11 January 2009

The Pessimist on Your Team

Pessimists have a bad reputation.

Today I came across an article called How to Handle the Pessimist on Your Team and it made me think how things can go really bad when you are running a complex project without being regularly subjected to healthy scepticism. A little later in the day I read Paul Krugman's How Did Economists Get It So Wrong? which described how the weight of opinion of economists had drowned out rational scepticism about the "efficient market" theory.

Weight of opinion is a powerful force and when the majority of people in a group believe something is correct it can be a bit rough for the minority who don't share that belief.

I once worked at a software company where some popular project managers told developers who did not believe their project schedules that they were being pessimists and they should cheer up.

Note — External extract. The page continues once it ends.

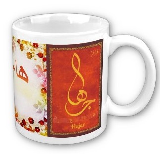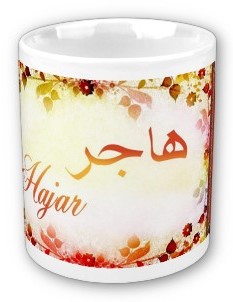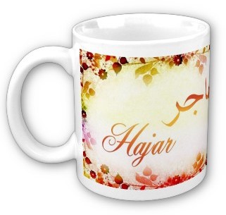 Mug avec le prénom Hajar calligraphié en arabe (هاجر) ainsi que son épellation lettre par lettre en arabe.
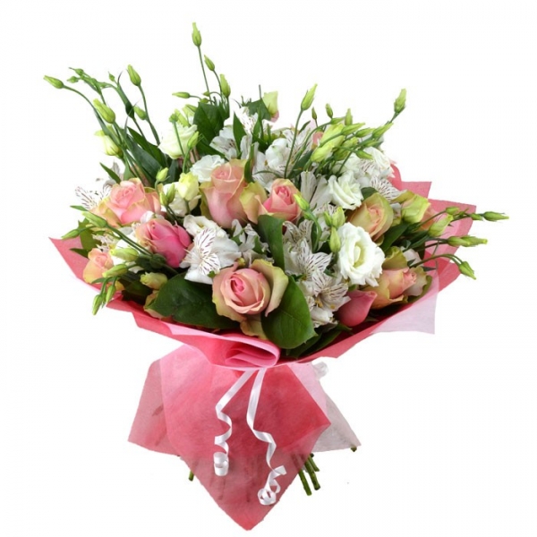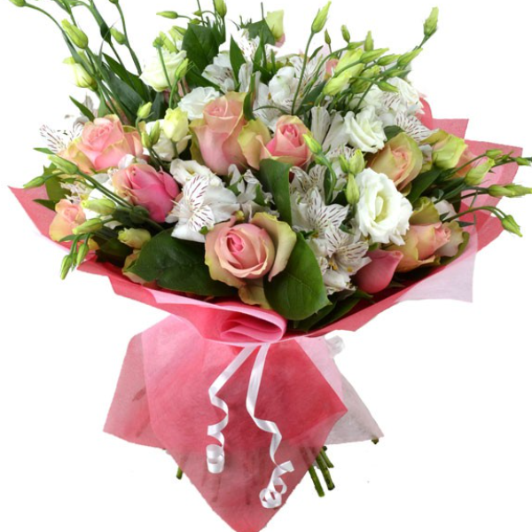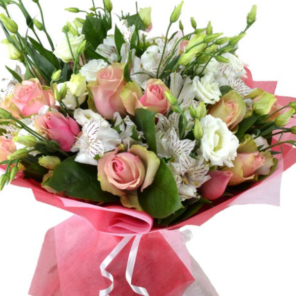 Ürün Kodu: ABF1613 adet Pembe Gül 5 Dal Astomerya 7 Dal Beyaz Lisyantus İle Hazırlanmıştır.

These project managers followed most of the strategies from How to Handle the Pessimist on Your Team and added a few of their own. They were pretty sweet about it and everybody including the pessimists ended up liking them. They got great results as well. Hard work, personal charm and genuine consideration for others, all of which these guys had, are stronger forces than the things I am discussing in this post.

After a few projects with these guys I started recording people's estimated completion dates at the start of projects and found that everyone was under-estimating the dates (the customer deliverables were in reasonable shape through schedule padding and some pragmatic last minute feature dropping). No surprises there, except that absolutely everybody including the "pessimists" underestimated the schedule. The interesting thing, and the point of this post, was how the estimates of the "pessimists" compared to the estimates of everyone else. The pessimists were the people whose estimated schedules were later than the consensus schedule estimate.

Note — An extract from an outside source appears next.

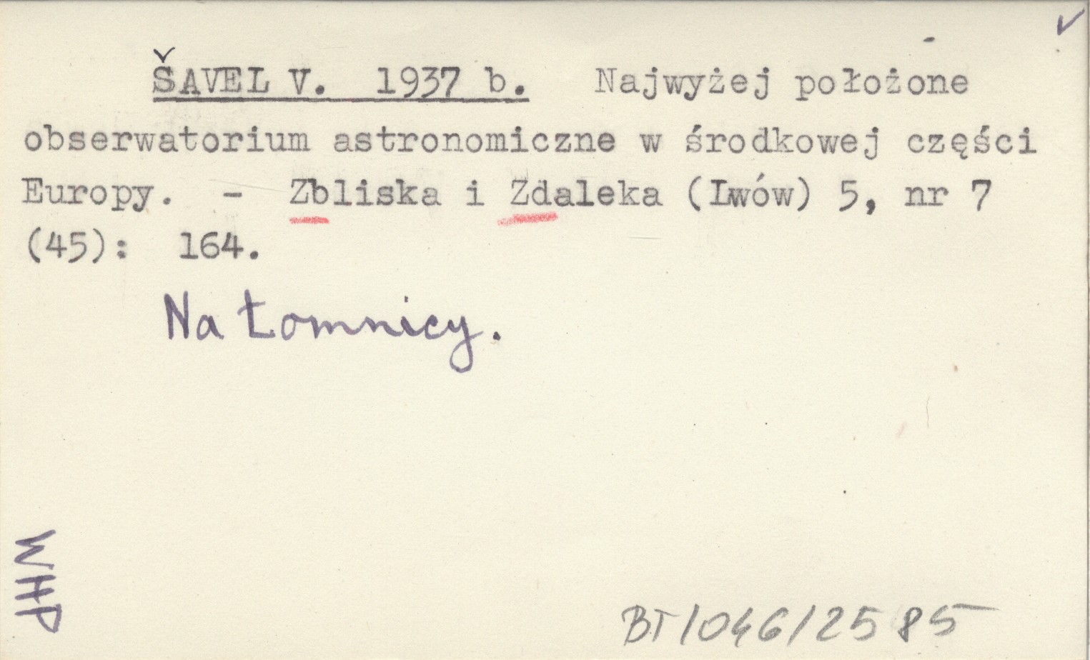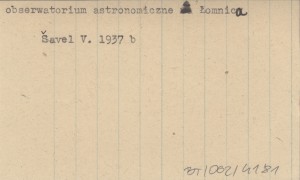 ŠAVEL V. 1937 b Najwyżej położone obserwatorium astronomiczne w środkowej części Europy.

My explanation for this at the time was that everybody was trying to estimate the schedule accurately and fit in with the rest of the team as well. Those who valued giving accurate estimates over fitting in with the team gave estimates closer to the correct date and further from the consensus date. Perceived pessimism correlated with divergence from the consensus schedule and was largely independent of the true schedule.

That reminded me of how NPR thought it was being unbiased when it was in the middle of American mainstream opinion which was roughly halfway between Republicans and Democrats. This automatic reinforcement of the consensus view inhibits clear thinking. If Colombus had been an NPR journalist he would have accepted the consensus view of his time that the Earth was flat and not sailed to the Carribean.

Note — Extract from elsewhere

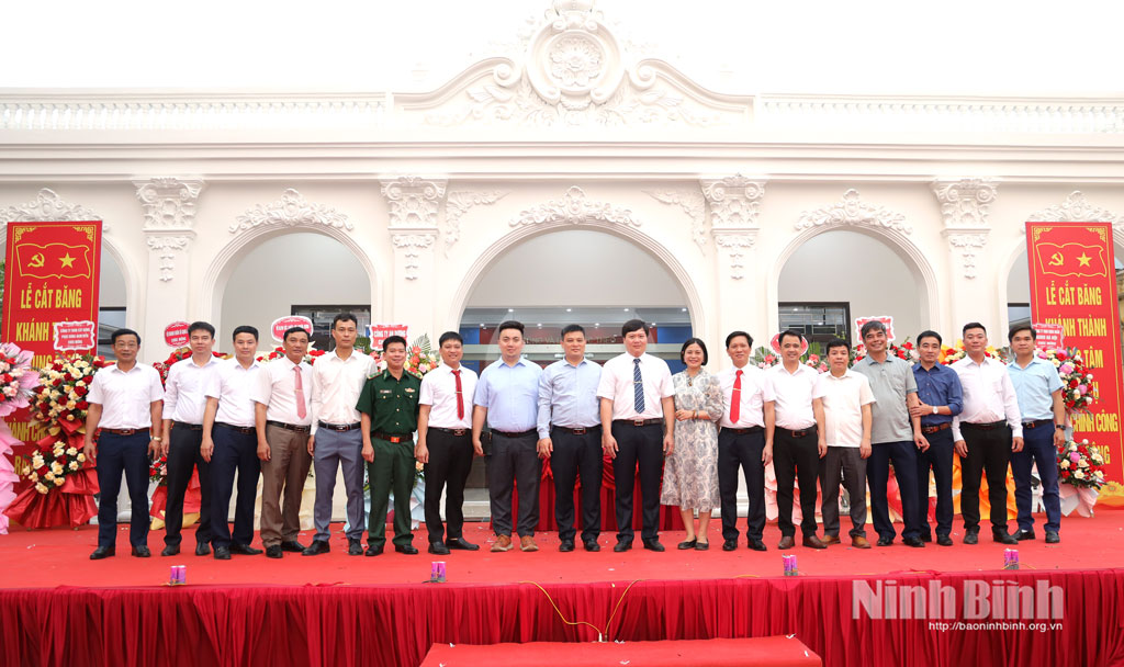 Lãnh đạo xã và các đại biểu cắt băng khánh thành Trung tâm Phục vụ hành chính công.

Reinforcement of a core set of beliefs over time is one of the way organisations evolve. That is just how things are. Like most people I find myself drawn to organisations who share my core beliefs. However I find this tendency works against me when I need to be objective, such as when I need to meet schedules for critical projects involving many unknowns. In these cases, when nature cannot be fooled,  I know of no substitute for people who speak their minds about what I am doing wrong rather than tell me what I want to hear. Steve McConnell created some procedures for doing this that I have been using for over 10 years: the invaluable Top 10 Risks List, anonymous reporting channels (I prefer people trusting me that I appreciate them telling what I am doing wrong) and objective metrics from automated testing.

I have spent my most of my working life at companies that have encouraged a diversity of opinion and the people I work with are usually comfortable with practices that attempt to discover objective truths, like the Steve McConnell procedures. In many cases they have wanted to know what they were doing wrong so they could improve. However I have also regularly encountered people in nominally technical roles who didn't like the "bad news" these procedures revealed.  So, in my experience, there are still some technical managers out there trying to manage perceptions instead of managing reality and leaving the perceptions to the marketing folks. That's why I get suspicious about the motives of technical managers who talk about managing the pessimists in their teams.